For this reason our Church offers Communion to the newly baptized.

432 In the Mystery of Holy Communion, Christ gives us his very self, his Body and Blood, as nourishment for our growth in the new life. At the Mystical Supper (Last Supper) Christ offered himself for us so that we might be able to offer our lives for our neighbour, as he offered his life (see Jn 13:34). Receiving Communion in the Lord’s Body and Blood, we receive a pledge of life eternal: “Those who eat my flesh and drink my blood have eternal life, and I will raise them up on the last day” (Jn 6:54). Partaking of the Body and Blood of Christ, we already have eternal life, the fullness of which will be revealed in the glorious second coming of Christ. “For since he bestowed on us his own image and his own spirit and we did not guard them, he took himself a share in our poor and weak nature, in order that he might cleanse us and make us incorruptible, and establish us once more as partakers of his divinity.”

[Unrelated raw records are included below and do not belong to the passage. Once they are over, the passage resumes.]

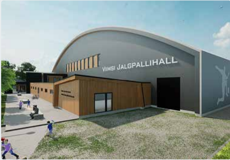
Planeeritav jalgpallihall.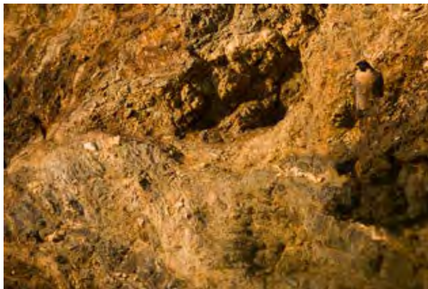
Faucon pèlerin dans son habitat - Donner à voir au public sans permettre la localisation des sites sensibles

- Attraction du public vers des sites sensibles jusqu'alors préservés (exemple : zone de reproduction d'espèces protégées identifiées et données à voir au public sans précaution),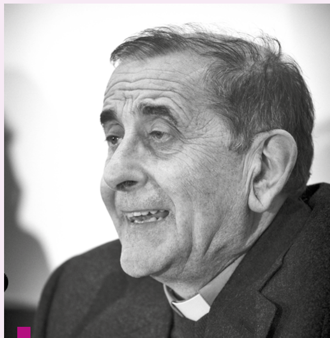
Monsignor Mario Delpini

camente plasmata dalle situazioni, rappresentano un patrimonio al quale attingere. In questa tradizione l'esperienza formativa ha occupato un posto significativo. L'attenzione alla formazione è una sfida che ha tratti inediti in questo tempo di innovazione così rapida e affascinante, di globalizzazione così tumultuosa e di fragilità morale e personale così diffusa. La formazione non può essere solo una rincorsa alle novità prodotte dalla tecnologia e dai processi produttivi, ma anche una forma di sostegno alle persone, alle fragilità emotive, alle vicende familiari e sanitarie, fisiche e psicologiche.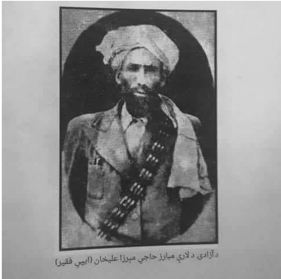
د خپلواک منځني پښتونستان ولسمشر حاجي ميرزا علي خان (اببي فقير)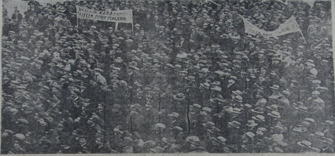
Genliğin İstanbul Darülfünunu meydanında istisna karşı mitingi

İcra Vekilleri Heyeti dünkü içtima- ında örfî idare ilanı hakkında şu karar- nameler istar olunmuştur: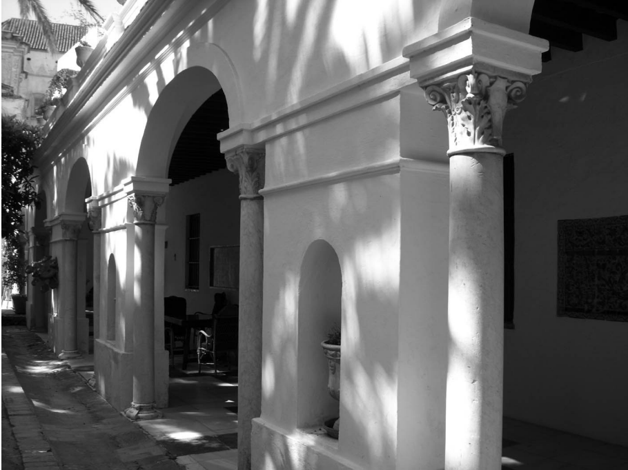
Figura 1. Galería del patio. Palacio ducal de Medina Sidonia. Sanlúcar de Barrameda.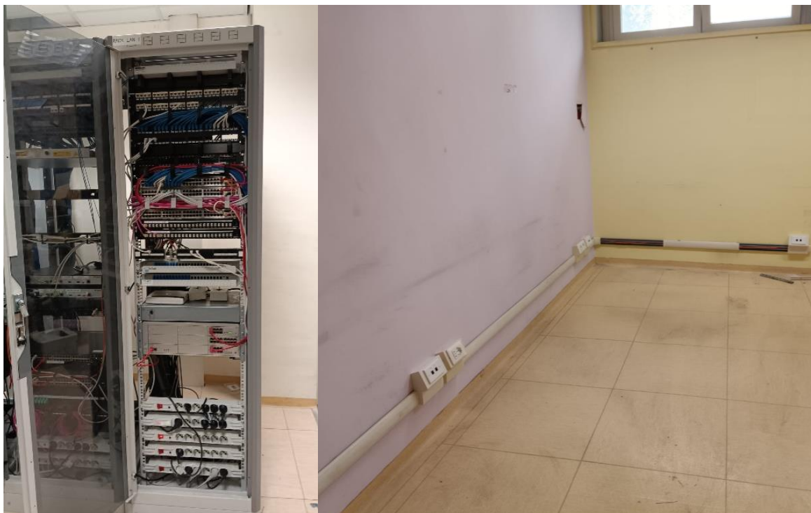
Infrastruttura di rete con rack di server ed esempio di prese LAN.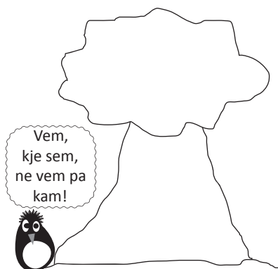
Dobra analiza stanja, brez vizije

The Holy Eucharist most fully manifests and creates our communion both with God and with others. All who have communion with Christ become “one body in Christ, and individually we are members one of another” (Rom 12:5). In other words, we become one Church. “Because there is one [Eucharistic] bread, we who are many are one body [of Christ], for we all partake of the one bread” (1 Cor 10:17). We profess this same truth in the Anaphora of Saint Basil the Great when we ask God to “unite all of us who share in this one bread and cup with one another into the communion of the one Holy Spirit.” Saint John of Damascus teaches:

Participation is spoken of; for through it we partake of the divinity of Jesus. Communion, too, is spoken of, and it is an actual communion, because through it we have communion with Christ and share in his flesh and his divinity: [at same time] we have communion and are united with one another through it. For since we partake of one bread, we all become one body of Christ and one blood, and members one of another, being of one body with Christ.